** Data excerpt follows **

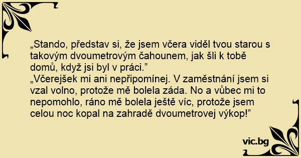 „Včerejšek mi ani nepřipomínej. V zaměstnání jsem si vzal volno, protože mě bolela záda. No a vůbec mi to nepomohlo, ráno mě bolela ještě víc, protože jsem celou noc kopal na zahradě dvoumetrovej výkop!”
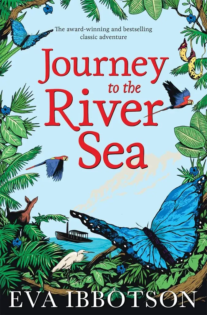 这本书的封面设计充满热带风情,四周环绕着茂密的绿叶、蓝色蝴蝶、鹦鹉、蛇和白鹭等雨林生物,中央是一艘小船航行在河流上,整体画面生动地呼应了书名中的“River Sea”与探险主题。作者伊娃·伊博森是英国著名儿童文学作家,其作品常以奇幻、冒险和温情著称,深受全球青少年读者喜爱。
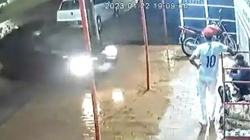 As imagens, de um circuito de segurança, mostram o momento em que a jovem chega, acompanhada de uma amiga, e joga o carro contra o homem que está sentado na calçada, próximo a uma parede. Ele acaba imprensado.
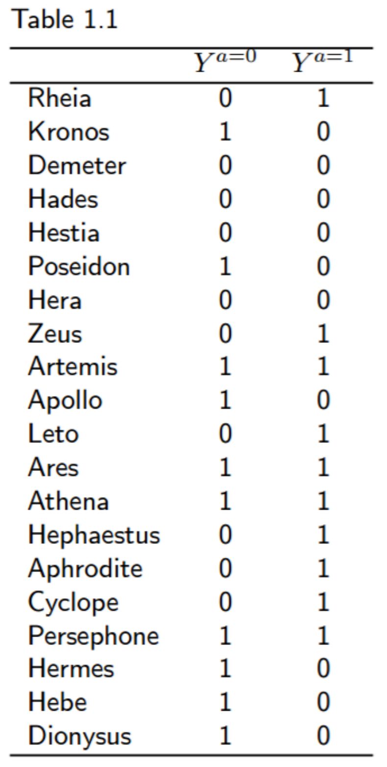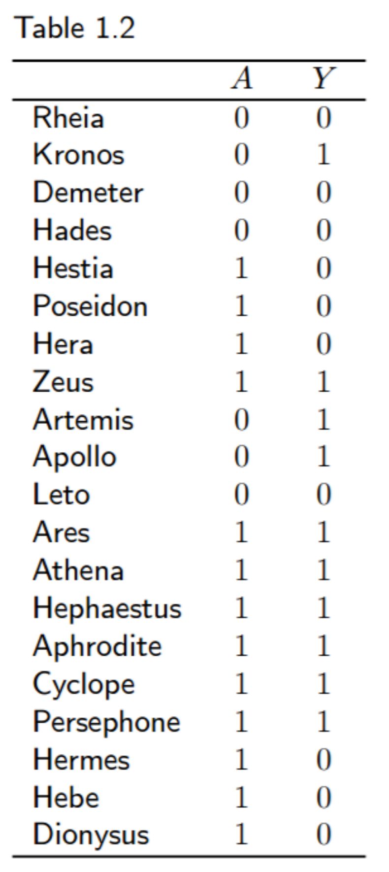 其次,在这个案例中是无法获得一个个体的全部自变量样本的,宙斯或赫拉要么接受要么不接受心脏移植,不可能两者皆有,因为因变量是死亡或者存活。这引出了一个非常重要的概念,即因果关系和相关关系之间的区别。

** End of Data excerpt **

→ **What the task asks**: In your copy, leave out the pictures and reproduce the material above exactly.

→ **Response for this exercise**:
 „Včerejšek mi ani nepřipomínej. V zaměstnání jsem si vzal volno, protože mě bolela záda. No a vůbec mi to nepomohlo, ráno mě bolela ještě víc, protože jsem celou noc kopal na zahradě dvoumetrovej výkop!”
 这本书的封面设计充满热带风情,四周环绕着茂密的绿叶、蓝色蝴蝶、鹦鹉、蛇和白鹭等雨林生物,中央是一艘小船航行在河流上,整体画面生动地呼应了书名中的“River Sea”与探险主题。作者伊娃·伊博森是英国著名儿童文学作家,其作品常以奇幻、冒险和温情著称,深受全球青少年读者喜爱。
 As imagens, de um circuito de segurança, mostram o momento em que a jovem chega, acompanhada de uma amiga, e joga o carro contra o homem que está sentado na calçada, próximo a uma parede. Ele acaba imprensado.
 其次,在这个案例中是无法获得一个个体的全部自变量样本的,宙斯或赫拉要么接受要么不接受心脏移植,不可能两者皆有,因为因变量是死亡或者存活。这引出了一个非常重要的概念,即因果关系和相关关系之间的区别。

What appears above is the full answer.